Dataset excerpts:
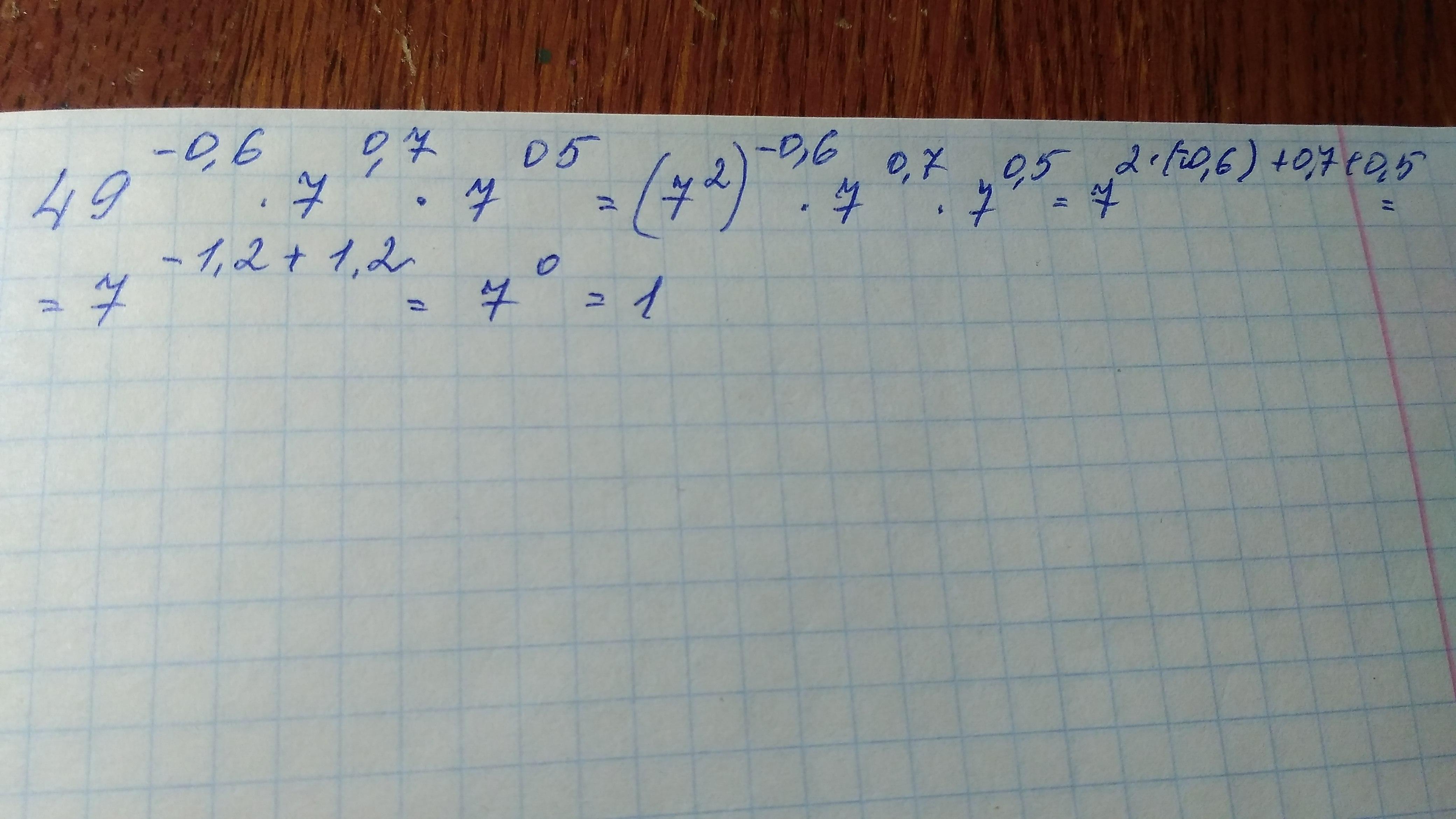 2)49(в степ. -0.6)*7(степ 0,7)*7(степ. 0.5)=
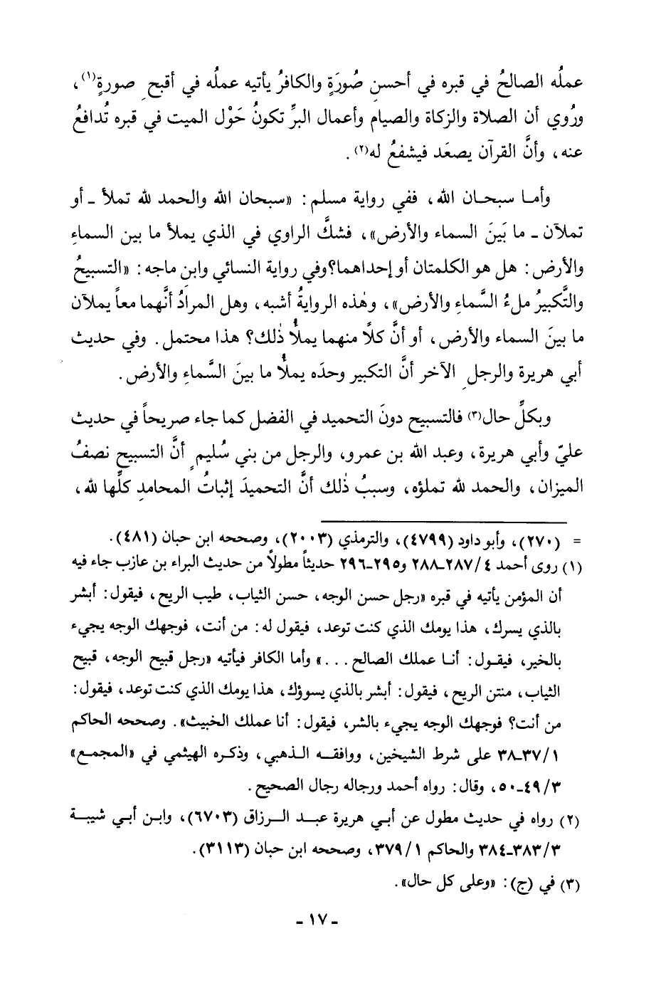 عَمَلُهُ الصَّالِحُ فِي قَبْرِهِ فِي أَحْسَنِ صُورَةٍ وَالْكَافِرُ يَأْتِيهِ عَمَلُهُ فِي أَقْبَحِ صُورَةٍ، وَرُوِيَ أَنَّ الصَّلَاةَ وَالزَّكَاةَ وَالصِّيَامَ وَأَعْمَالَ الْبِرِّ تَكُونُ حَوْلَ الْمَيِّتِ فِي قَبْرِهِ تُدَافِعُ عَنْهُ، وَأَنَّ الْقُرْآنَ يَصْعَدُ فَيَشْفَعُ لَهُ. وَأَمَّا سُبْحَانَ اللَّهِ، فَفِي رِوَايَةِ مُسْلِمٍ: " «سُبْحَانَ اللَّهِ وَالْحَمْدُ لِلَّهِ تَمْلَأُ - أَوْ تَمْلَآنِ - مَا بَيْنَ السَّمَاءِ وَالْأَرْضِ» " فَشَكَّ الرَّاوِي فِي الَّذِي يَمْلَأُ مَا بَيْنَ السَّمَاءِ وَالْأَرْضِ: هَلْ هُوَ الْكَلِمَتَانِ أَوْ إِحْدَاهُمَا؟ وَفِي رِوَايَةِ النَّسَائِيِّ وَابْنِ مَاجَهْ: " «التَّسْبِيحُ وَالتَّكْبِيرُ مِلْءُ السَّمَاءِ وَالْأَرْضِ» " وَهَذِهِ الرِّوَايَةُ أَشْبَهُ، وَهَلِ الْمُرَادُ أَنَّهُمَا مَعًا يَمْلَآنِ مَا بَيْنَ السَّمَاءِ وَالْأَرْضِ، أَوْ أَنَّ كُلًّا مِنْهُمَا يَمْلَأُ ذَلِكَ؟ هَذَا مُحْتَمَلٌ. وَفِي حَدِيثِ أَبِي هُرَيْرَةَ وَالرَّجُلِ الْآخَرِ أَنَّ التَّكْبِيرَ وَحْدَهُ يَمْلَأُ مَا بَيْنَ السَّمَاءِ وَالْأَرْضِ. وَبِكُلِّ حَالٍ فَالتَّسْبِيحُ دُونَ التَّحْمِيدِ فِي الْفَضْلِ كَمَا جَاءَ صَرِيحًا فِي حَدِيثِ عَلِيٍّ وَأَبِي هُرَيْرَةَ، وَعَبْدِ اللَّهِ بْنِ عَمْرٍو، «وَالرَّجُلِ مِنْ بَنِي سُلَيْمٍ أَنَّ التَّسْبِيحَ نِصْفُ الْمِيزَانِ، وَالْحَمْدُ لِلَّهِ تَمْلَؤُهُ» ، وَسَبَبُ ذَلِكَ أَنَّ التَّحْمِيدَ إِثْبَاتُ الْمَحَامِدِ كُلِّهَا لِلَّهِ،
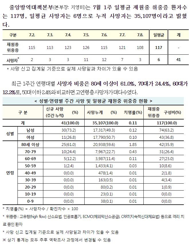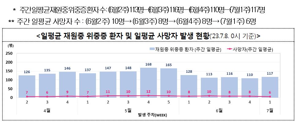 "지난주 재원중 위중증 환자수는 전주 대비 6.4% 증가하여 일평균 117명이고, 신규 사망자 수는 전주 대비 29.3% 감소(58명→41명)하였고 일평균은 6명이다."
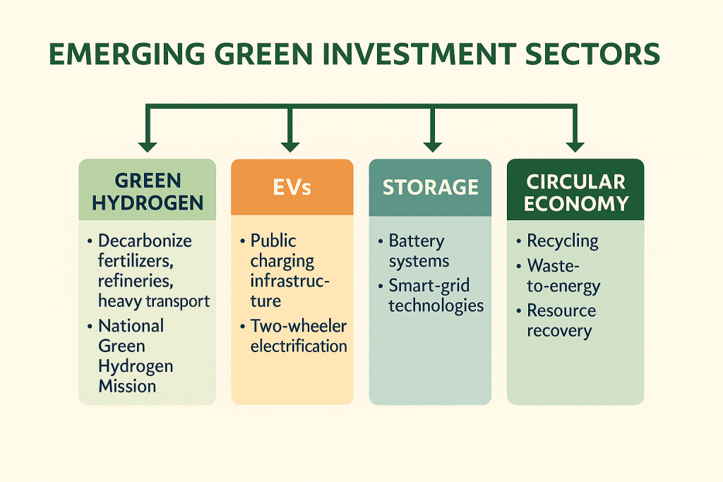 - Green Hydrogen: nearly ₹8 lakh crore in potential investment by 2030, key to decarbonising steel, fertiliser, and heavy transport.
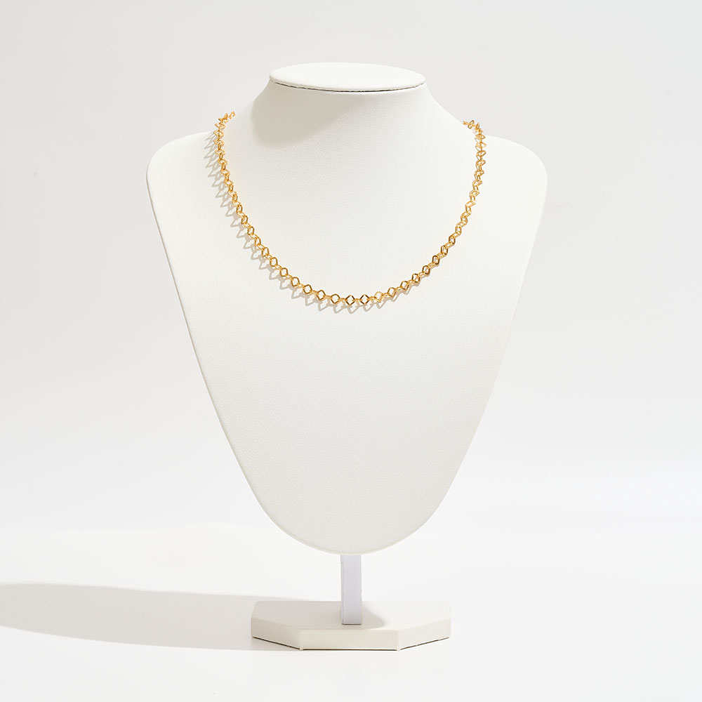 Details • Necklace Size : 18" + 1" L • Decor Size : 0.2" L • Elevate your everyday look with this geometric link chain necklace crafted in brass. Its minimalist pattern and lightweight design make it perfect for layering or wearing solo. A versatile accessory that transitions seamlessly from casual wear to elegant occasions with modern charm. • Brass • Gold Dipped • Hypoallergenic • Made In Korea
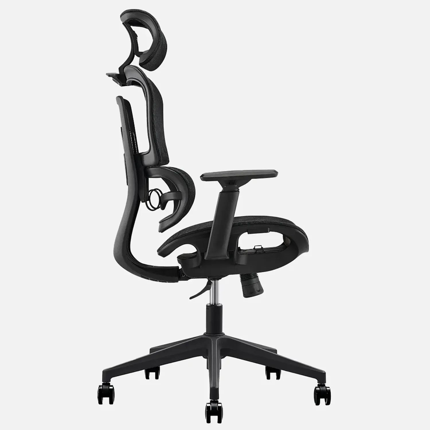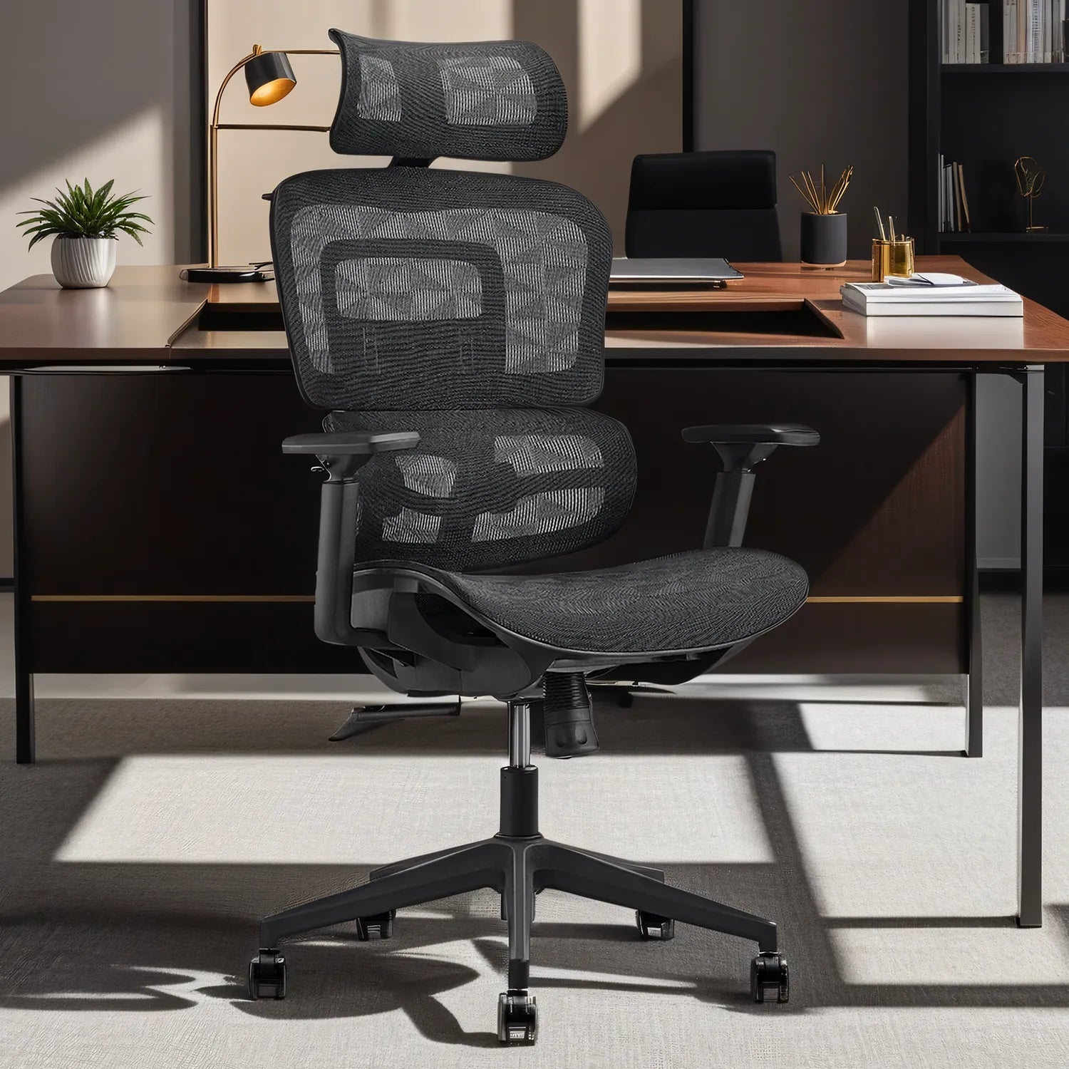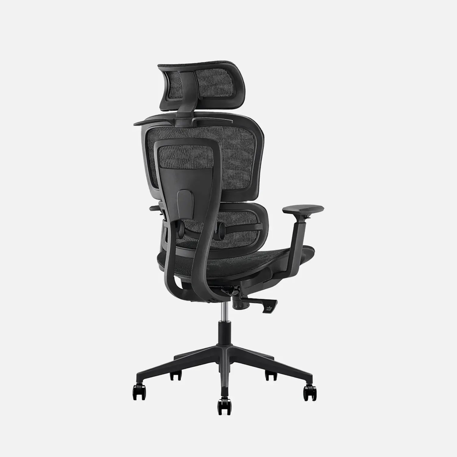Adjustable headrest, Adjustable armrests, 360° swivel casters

» **Task goal**:
The answer is a faithful copy of the records above, with the pictures removed.

» **Exercise answer**:
 2)49(в степ. -0.6)*7(степ 0,7)*7(степ. 0.5)=
 عَمَلُهُ الصَّالِحُ فِي قَبْرِهِ فِي أَحْسَنِ صُورَةٍ وَالْكَافِرُ يَأْتِيهِ عَمَلُهُ فِي أَقْبَحِ صُورَةٍ، وَرُوِيَ أَنَّ الصَّلَاةَ وَالزَّكَاةَ وَالصِّيَامَ وَأَعْمَالَ الْبِرِّ تَكُونُ حَوْلَ الْمَيِّتِ فِي قَبْرِهِ تُدَافِعُ عَنْهُ، وَأَنَّ الْقُرْآنَ يَصْعَدُ فَيَشْفَعُ لَهُ. وَأَمَّا سُبْحَانَ اللَّهِ، فَفِي رِوَايَةِ مُسْلِمٍ: " «سُبْحَانَ اللَّهِ وَالْحَمْدُ لِلَّهِ تَمْلَأُ - أَوْ تَمْلَآنِ - مَا بَيْنَ السَّمَاءِ وَالْأَرْضِ» " فَشَكَّ الرَّاوِي فِي الَّذِي يَمْلَأُ مَا بَيْنَ السَّمَاءِ وَالْأَرْضِ: هَلْ هُوَ الْكَلِمَتَانِ أَوْ إِحْدَاهُمَا؟ وَفِي رِوَايَةِ النَّسَائِيِّ وَابْنِ مَاجَهْ: " «التَّسْبِيحُ وَالتَّكْبِيرُ مِلْءُ السَّمَاءِ وَالْأَرْضِ» " وَهَذِهِ الرِّوَايَةُ أَشْبَهُ، وَهَلِ الْمُرَادُ أَنَّهُمَا مَعًا يَمْلَآنِ مَا بَيْنَ السَّمَاءِ وَالْأَرْضِ، أَوْ أَنَّ كُلًّا مِنْهُمَا يَمْلَأُ ذَلِكَ؟ هَذَا مُحْتَمَلٌ. وَفِي حَدِيثِ أَبِي هُرَيْرَةَ وَالرَّجُلِ الْآخَرِ أَنَّ التَّكْبِيرَ وَحْدَهُ يَمْلَأُ مَا بَيْنَ السَّمَاءِ وَالْأَرْضِ. وَبِكُلِّ حَالٍ فَالتَّسْبِيحُ دُونَ التَّحْمِيدِ فِي الْفَضْلِ كَمَا جَاءَ صَرِيحًا فِي حَدِيثِ عَلِيٍّ وَأَبِي هُرَيْرَةَ، وَعَبْدِ اللَّهِ بْنِ عَمْرٍو، «وَالرَّجُلِ مِنْ بَنِي سُلَيْمٍ أَنَّ التَّسْبِيحَ نِصْفُ الْمِيزَانِ، وَالْحَمْدُ لِلَّهِ تَمْلَؤُهُ» ، وَسَبَبُ ذَلِكَ أَنَّ التَّحْمِيدَ إِثْبَاتُ الْمَحَامِدِ كُلِّهَا لِلَّهِ،
 "지난주 재원중 위중증 환자수는 전주 대비 6.4% 증가하여 일평균 117명이고, 신규 사망자 수는 전주 대비 29.3% 감소(58명→41명)하였고 일평균은 6명이다."
 - Green Hydrogen: nearly ₹8 lakh crore in potential investment by 2030, key to decarbonising steel, fertiliser, and heavy transport.
 Details • Necklace Size : 18" + 1" L • Decor Size : 0.2" L • Elevate your everyday look with this geometric link chain necklace crafted in brass. Its minimalist pattern and lightweight design make it perfect for layering or wearing solo. A versatile accessory that transitions seamlessly from casual wear to elegant occasions with modern charm. • Brass • Gold Dipped • Hypoallergenic • Made In Korea
Adjustable headrest, Adjustable armrests, 360° swivel casters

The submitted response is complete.